Some of the creepiest areas of the building and its surrounding grounds were the porch area, the campus cemetery, the elevator, the laundry room and the basement.  At the front of the building was a screened in porch that was always uncomfortable.  It could be ninety degrees outside, but the temperature would drop sharply to freezing once you were inside the porch enclosure.  As if the place needed anything else to add to the spooky atmosphere, there’s even an old graveyard dating from around the 1900s located somewhere on the property.

Jeanine told me that no matter what button you pushed for some unknown reason, the Masonic Hall’s elevator always went automatically to the basement.  Jeanine and her friends used to do their laundry in pairs because you would often get the sense that you were being watched.  Strange banging noises and screaming would ensue only to cease as quickly as they began.

There was a section of the basement that was closed off, but still accessible if one tried hard enough.  One time, Jeanine and a friend thought it would be fun to explore it.  They saw what looked like morgue slots lining the wall and decided to each take a turn climbing inside.  Jeanine says she has no idea what possessed her to do that, nor would she ever do something that crazy now.  She could have gotten stuck or worse, but she was young and it seemed adventurous at the time.

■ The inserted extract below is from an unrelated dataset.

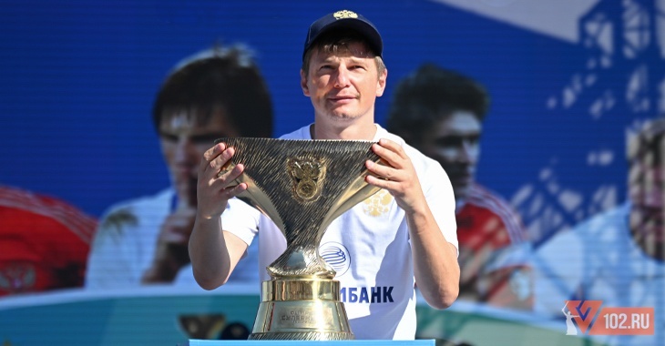 Сегодня, 12 июля, в амфитеатре на набережной в Волгограде состоялась встреча легенд российского футбола Андрея Аршавина, Юрия Жиркова, Романа Широкова, Евгения Алдонина и Валерия Есипова с болельщиками перед матчем за Суперкубок России между питерским «Зенитом» и «Краснодаром». Мероприятие посетило несколько десятков человек, среди которых были и немногочисленные болельщики «Зенита» и «Краснодара» в клубной символике и с командными шарфами. Общение проходило в дружеской атмосфере. Каждый из знаменитых футболистов выходил на сцену под аплодисменты публики и одобрительные выкрики со своим именем и фамилией. Сам трофей к болельщикам вынес Андрей Аршавин. Отметим, что большую часть вопросов знаменитым спортсменам задавали дети и подростки. Темы были затронуты самые разные, но в основном касающиеся карьеры каждого из экс-футболистов. Так, например, Аршавин на запросы аудитории ответил, что кумиров в его детстве не было, а самым сильным партнером, с кем он выступал в одной команде, был леген
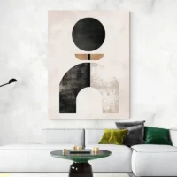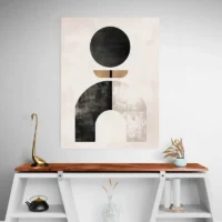 Accrochez-la à hauteur des yeux pour que la géométrie parle. Associez-la à un meuble en bois clair, des coussins beiges, et une lampe noire aux lignes simples. Pour un mur plus animé, regroupez-la avec de petites affiches graphiques. Pour voir d’autres propositions dans le même esprit, explorez nos tableaux minimalistes ou nos tableaux géométriques.

As soon as her friend closed the door on her, she heard loud wailing and scratching noises coming from all around.  Banging on the door behind her head, she started screaming for her friend to let her out.  Thankfully, the slot popped open and she and her friend ran back upstairs.  Jeanine avoided that area of the basement after that incident.

If you have a real ghost story that you would like to share with The Ghost Post, send an email to Tara Theresa Hill at theghostpostreporter@gmail.com to set up an interview. 

I’m always in the mood for a good ghost story! 

 

 

A Ghostly Roommate

Thanks to Mariann for this story!

Mariann once shared an apartment with the ghost of an elderly man whom she called “Howard.”  Howard was a friendly spirit.  He enjoyed haunting the area by the front door and the kitchen, and also playing harmless pranks on Mariann.  One of Howard’s favorite tricks involved messing with Mariann while she watched TV at night.

Mariann liked to watch TV in the dark.  She had her phone in the living room, but the answering machine was set up in the bedroom.  Sometimes Howard would turn the ringer off on her phone, so that Mariann would not know when she was receiving a call.  Then her message machine would start up seemingly on its own accord and startle Mariann into shrieking.  She always got a mental image of the ghost bowled over with laughter in her kitchen whenever she did that.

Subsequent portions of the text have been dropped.